Curitiba - O consumo de energia elétrica faturado pela Companhia Paranaense de Energia (Copel) de janeiro a setembro atingiu 13.978 GWh, o que significa uma redução de 0,2% comparado com o mesmo período do ano passado. A maior queda ocorreu no consumo da classe industrial, incluindo os consumidores livres atendidos pela Copel Geração. Neste segmento a redução foi de 5,3%. Segundo informações da área de Relações com Investidores da Copel, o desempenho negativo no consumo de energia na área industrial foi provocado pela estiagem que levou à quebra de safra, pela valorização do real que trouxe reflexos negativos para as exportações e pela saída de consumidores que optaram pelo mercado livre.
A montadora Volvo é um dos consumidores do mercado livre de energia desde dezembro de 2004. Uma das principais vantagens que a empresa encontrou foi a redução de custos. Até agora, participar deste mercado tem sido compensador para a companhia.

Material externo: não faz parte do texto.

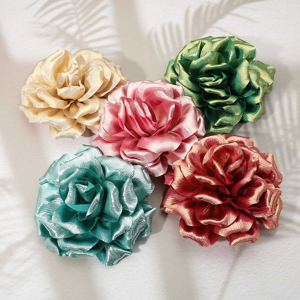 Metallic Fabric Flower Pin Brooch Hair Clip Hair Band Bracelet

Para o diretor da Enercons Consultoria, Ivo Pugnaloni, a redução do consumo da classe industrial pode ser explicada principalmente pelos consumidores que optaram pelo mercado livre de energia. Segundo ele, a compra de energia neste mercado traz uma economia média de 25%. Pode comprar energia no mercado livre o consumidor de grande porte que tem demanda superior a 3 megawatts e nível de tensão de 69 quilovolts. Geralmente são indústrias e grandes estabelecimentos comerciais. Estes consumidores podem comprar energia de outras concessionárias e não apenas da Copel.
Segundo ele, a saída dos consumidores para o mercado livre gera uma perda de faturamento para a Copel mas, por outro lado, libera a estatal de realizar novos investimentos em geração. A classe industrial representou 38,8% do mercado da Copel e é formada por 55.291 consumidores que utilizaram 3,583 milhões de megawatts/hora de janeiro a setembro. O número de consumidores nesta classe teve um crescimento de 6,1%.
O maior crescimento foi verificado na classe comercial que representou 18,01% do mercado da Copel no período e teve aumento de 4,9% no consumo. A Copel informa que o crescimento do consumo está relacionado ao bom desempenho do setor e ao aumento do número de consumidores de 1,8%. Os 276.700 clientes comerciais da estatal consumiram 2,529 milhões de megawatts/hora.
Na classe residencial, que respondeu por 25,6% do mercado de energia, cresceu 2,8% nos primeiros nove meses do ano. Segundo a empresa, esse resultado não foi melhor em função do racionamento de água provocado pela estiagem na região Sul e consequente redução do uso da eletricidade para aquecimento de água. A Copel teve crescimento de 2,9% nesta classe de consumidores que totalizaram 2,618 milhões e utilizaram 3,583 milhões de megawatts/hora.
A classe rural teve crescimento de consumo de energia de 2,4% de janeiro a setembro e foi responsável por 7,7% do mercado faturado da Copel. A companhia esclareceu que esse resultado está relacionado ao longo período de estiagem que levou a um uso mais intenso de irrigação.